↓
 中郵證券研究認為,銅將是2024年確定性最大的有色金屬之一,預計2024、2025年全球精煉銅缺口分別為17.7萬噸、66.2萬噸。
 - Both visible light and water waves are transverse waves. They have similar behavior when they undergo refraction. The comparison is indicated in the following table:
↑
↓
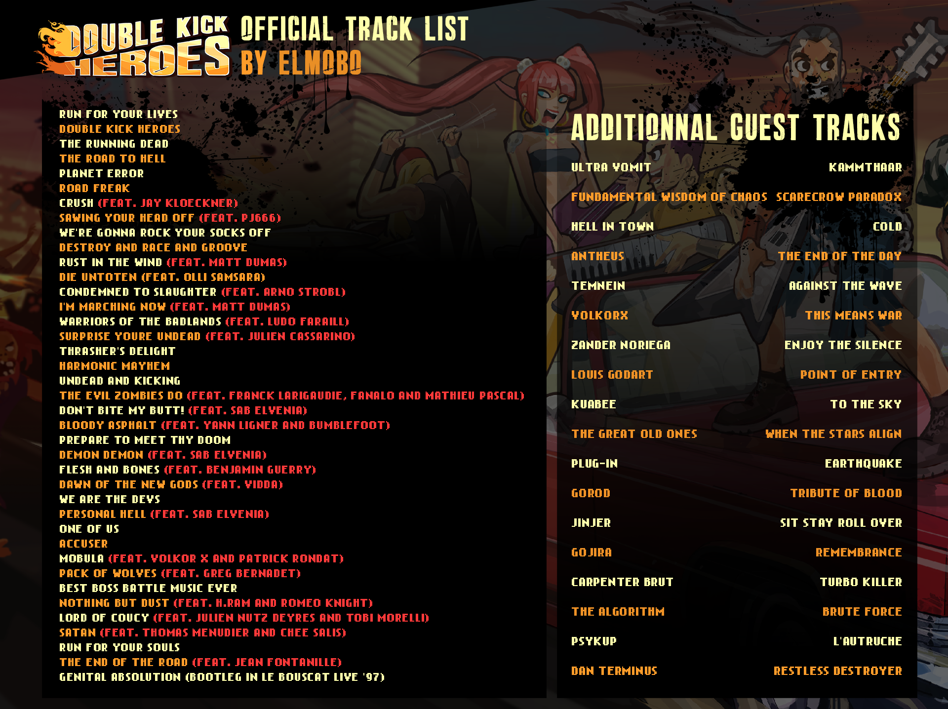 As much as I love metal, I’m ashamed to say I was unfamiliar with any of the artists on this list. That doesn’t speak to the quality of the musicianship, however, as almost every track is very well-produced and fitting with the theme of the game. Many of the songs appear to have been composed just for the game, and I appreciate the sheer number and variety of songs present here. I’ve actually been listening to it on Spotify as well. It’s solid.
↑
- [Work to be completed]: Set down, exactly as they appear above, all lines from the one that has "中郵證券研究認為,銅將是20" down to the one that has "- Both visible", including those two and no others.

- [Written answer]:
 中郵證券研究認為,銅將是2024年確定性最大的有色金屬之一,預計2024、2025年全球精煉銅缺口分別為17.7萬噸、66.2萬噸。
 - Both visible light and water waves are transverse waves. They have similar behavior when they undergo refraction. The comparison is indicated in the following table:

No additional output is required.